Opening Remarks by CCCB President Archbishop V. James WeisgerberWednesday, April 15 2009
News Conference, 15 April 2009,
Offices of the Assembly of First Nations, Ottawa
Pope Benedict XVI is inviting a delegation to go to Rome to meet with him on 29 April 2009. Composed of representatives of Catholic communities in Canada and of the Aboriginal Peoples, the delegates will include Mr. Phil Fontaine, National Chief of the Assembly of First Nations, and myself as President of the Canadian Conference of Catholic Bishops.
Since the earliest European settlements in Canada five centuries ago, there has been a close association between the indigenous people and the Catholic Church. Most of this history has been a wonderful sharing of faith and witness, but there have also been moments of sorrow.
Among the greatest disappointments were the former Indian Residential Schools. Certainly, there were many examples of great dedication in the efforts at the time to provide a good education for indigenous children; this generosity and goodwill involved school staff, including men and women religious from Catholic missionary orders; elders and parents, and the children themselves. At the same time, there were also terrible challenges, including important cultural differences, insufficient government funding, and human failings, and worst of all instances of exploitation and cruelty. From today’s perspective, we are all very conscious of the tragic limitations of the Residential Schools, especially from the perspectives of family life, community values, and cultural heritage.
But even more unfortunate, the sufferings of the indigenous peoples of Canada are not limited to the past nor to the former Residential Schools. Aboriginal Peoples continue to be marginalized and impoverished in our country. Their social, economic and cultural needs are in fact so urgent today, that all Canadians need to make new and sustained efforts to collaborate with indigenous people in order to assure them of respect, acceptance and equality.
Last fall, National Chief Fontaine invited the Catholic Bishops of Canada, and with them all Catholic communities, to join with Aboriginal Peoples in a new partnership. In response, Catholic dioceses, as well as Catholic religious orders, Church organizations and other Catholic agencies are renewing efforts to mobilize their respective communities and forces.

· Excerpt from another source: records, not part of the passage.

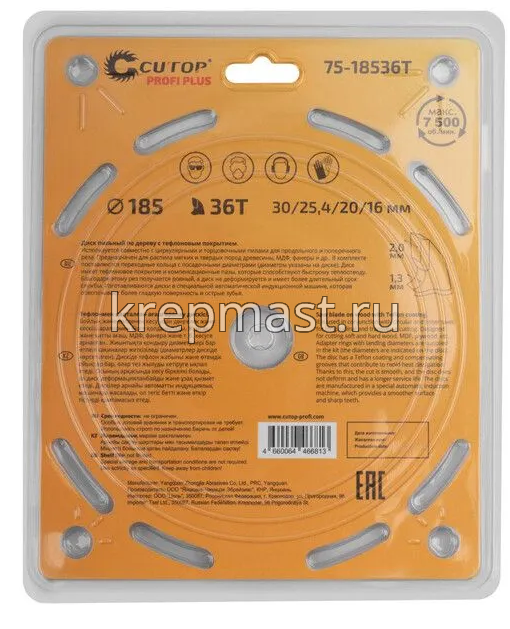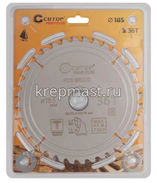 Диск пильный дерево 185х 36х30/25,4/20/16 CUTOP используется совместно с циркулярными и торцовочными пилами для продольного и поперечного реза. Предназначен для распила мягких и твердых пород древесины, МДФ, фанеры.
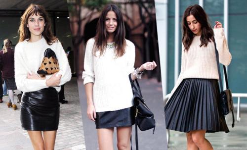 其实,除了毛衣搭配皮裤很帅以外,毛衣和皮裙的结合率性中多丝女孩纸的甜美↓
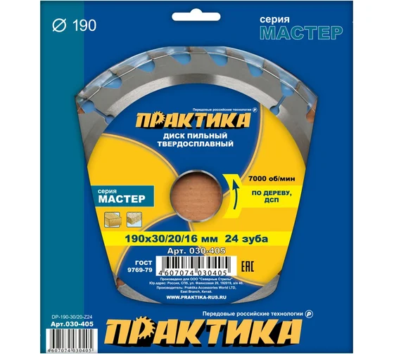 Диск пильный по дереву (190х30/20/16 мм; Z24) ПРАКТИКА 030-405

This is a wonderful opportunity in the history of the Church and Aboriginal Peoples. It is a most promising moment for reconciliation, bridge building, renewed partnership and new dialogue.
The Pope is a bridge builder. That is the meaning of the word “Pontiff”. For that reason, he has invited us to visit him in Rome, in a gesture of reconciliation and healing. By accepting this invitation, as representatives of the Catholic Church in Canada and of the First Nations we can show and celebrate our mutual determination for a renewed partnership and a new beginning.